Am Grabmal angekommen, sehe ich, dass man irre lange anstehen muss, um dorthin zu kommen. Es ist heiß und ich bin schon ziemlich fertig von meinem langen Spaziergang, so dass ich beschließe, nur ein Foto aus der Entfernung zu machen und wieder meiner Wege zu gehen.




Für den Nachmittag hab ich mir eine kleine Besonderheit gegönnt. Ein Guide holt mich direkt an meinem Hostel ab und begleitet mich zu einem nahegelegenen Restaurant. Er stellt sich freundlich vor und erklärt mir bereits unterwegs einige Details. In dem Restaurant treffen wir den Koch, bei dem ich meinen Kochkurs machen werde. Er spricht nur wenig Englisch, deshalb mein freundlicher Guide. Ich kann mir auf einer Karte drei Gerichte aussuchen, die ich später zubereiten werde. Dann geht es zu allererst auf den Markt, wo wir alle Zutaten frisch einkaufen. Mein Guide erklärt mir viele Obst- und Gemüsesorten, von denen ich noch nie gehört habe. Das Einkaufen übernimmt größtenteils der Koch, während ich sämtliche Fragen stellen kann, die mir auf der Seele liegen.





Nach dem Einkauf geht es wieder zurück ins Restaurant, wo ich eine Kochschürze bekomme und es an die Zubereitung geht. Mir wird jeder Schritt erklärt… und glücklicherweise bekomme ich im nachhinein alle Rezepte mit Zubereitung per Mail gesendet, denn ich könnte mir das nie alles merken. Den Löwenanteil übernimmt der Profi, ich schneide hauptsächlich Gemüse/Fleisch, koste hier, koste da. Am Ende stehen drei köstlich duftende Gerichte vor mir, die ich unmöglich alle runterbekomme, aber ich lasse mir alles einpacken.






Es war eine fantastische Erfahrung und ich kann jedem nur empfehlen, einen Kochkurs zu machen, vor allem in Südostasien! Was für ein schöner Einblick in die Kultur. Das letzte Bild ist ein Eischnee-Espresso. Ist lecker, aber sehr süß und viel Schaum.
Damit ist auch der Tag beendet und ich bereite mich auf meine morgige Weiterreise vor. Ich hab ewig überlegt, wo ich als nächstes hin soll, mit meiner jetzigen Entscheidung bin ich zufrieden. Mein nächstes Ziel wird Sapa, eine Stadt im Nordwesten des Landes, schöne Bergregion und ich bin wanderlustig! Der Bus am nächsten Tag lässt ein bisschen auf sich warten, weil die Straßen für einen Marathon oder so gesperrt sind.

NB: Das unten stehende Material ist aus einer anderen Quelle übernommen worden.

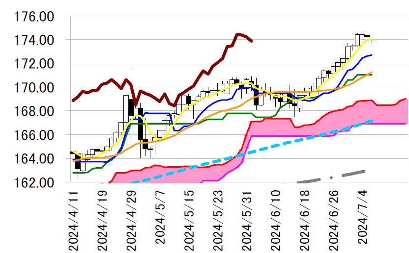 前後の攻防となっている。週明け、5 日線は174.07 円前後へ

Dann werde ich von einem Kleinbus abgeholt, der mich ein Stück außerhalb bringt, dort werde ich dann rausgeschmissen und in den großen Bus einsortiert. Die erste Busfahrt in Südostasien. Mir wurde im Vornherein von vielen Reisenden, die ich unterwegs schon getroffen habe, versichert, Busfahren funktioniert hier super und sehr bequem. Als ich den Bus betrete, sehe ich… was sie alle gemeint haben! Als erstes muss ich meine Schuhe ausziehen, die werden in einen Beutel gesteckt. Generell in Vietnam ist es schlichtweg normal, dass man Innenräume barfuß oder in Socken betritt.
Und dann das beste: Es ist ein Bus mit Liegen… nicht wie in Lateinamerika, wo man „Bett“ bezahlt und dann trotzdem die Füße runterhängen… richtige Liegen, mit Kissen und Decke. Ich stelle fest, dass ich meinen ganzen Weg durch Lateinamerika gefoltert wurde, als sich meine Beine 180 Grad auf meinem Liegeplatz ausstrecken… was für ein Luxus.

Die Fahrt ist toll! Meine ersten Blicke auf Vietnams Natur sind wunderschön…



aber natürlich schlafe ich wieder schnell ein, vor allem jetzt, wo ich liegen kann.